List every line in this data where the string "your" occurs.

Information given: Begin

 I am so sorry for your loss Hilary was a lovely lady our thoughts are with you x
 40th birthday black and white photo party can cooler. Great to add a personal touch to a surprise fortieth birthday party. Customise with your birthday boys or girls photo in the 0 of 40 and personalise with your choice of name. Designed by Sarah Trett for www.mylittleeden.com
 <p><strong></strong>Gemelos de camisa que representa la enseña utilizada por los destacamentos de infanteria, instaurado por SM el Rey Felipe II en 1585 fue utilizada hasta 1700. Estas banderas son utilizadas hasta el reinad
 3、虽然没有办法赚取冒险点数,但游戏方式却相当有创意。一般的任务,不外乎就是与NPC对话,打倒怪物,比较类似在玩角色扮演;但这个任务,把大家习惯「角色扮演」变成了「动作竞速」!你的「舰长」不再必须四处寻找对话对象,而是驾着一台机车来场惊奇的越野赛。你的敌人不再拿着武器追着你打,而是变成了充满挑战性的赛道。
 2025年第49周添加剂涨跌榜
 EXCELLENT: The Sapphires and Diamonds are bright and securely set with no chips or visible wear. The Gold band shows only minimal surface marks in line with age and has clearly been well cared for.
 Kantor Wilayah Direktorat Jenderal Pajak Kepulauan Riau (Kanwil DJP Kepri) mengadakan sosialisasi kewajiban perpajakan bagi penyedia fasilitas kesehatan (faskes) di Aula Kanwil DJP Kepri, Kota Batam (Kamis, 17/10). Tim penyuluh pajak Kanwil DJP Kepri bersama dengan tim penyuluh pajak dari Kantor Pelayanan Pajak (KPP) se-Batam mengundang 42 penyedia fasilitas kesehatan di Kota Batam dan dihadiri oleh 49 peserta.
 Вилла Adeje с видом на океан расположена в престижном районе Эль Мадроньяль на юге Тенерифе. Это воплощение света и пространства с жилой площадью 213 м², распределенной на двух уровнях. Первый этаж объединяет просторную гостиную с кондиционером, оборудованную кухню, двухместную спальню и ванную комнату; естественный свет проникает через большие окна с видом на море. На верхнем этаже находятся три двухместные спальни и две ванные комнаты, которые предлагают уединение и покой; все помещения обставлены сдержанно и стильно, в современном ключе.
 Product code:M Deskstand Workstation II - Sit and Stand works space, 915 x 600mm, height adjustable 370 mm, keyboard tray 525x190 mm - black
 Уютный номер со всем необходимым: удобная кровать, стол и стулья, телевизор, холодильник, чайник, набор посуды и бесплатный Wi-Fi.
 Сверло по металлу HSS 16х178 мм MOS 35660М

Information given: End

▸ Solution to the problem:
 I am so sorry for your loss Hilary was a lovely lady our thoughts are with you x
 40th birthday black and white photo party can cooler. Great to add a personal touch to a surprise fortieth birthday party. Customise with your birthday boys or girls photo in the 0 of 40 and personalise with your choice of name. Designed by Sarah Trett for www.mylittleeden.com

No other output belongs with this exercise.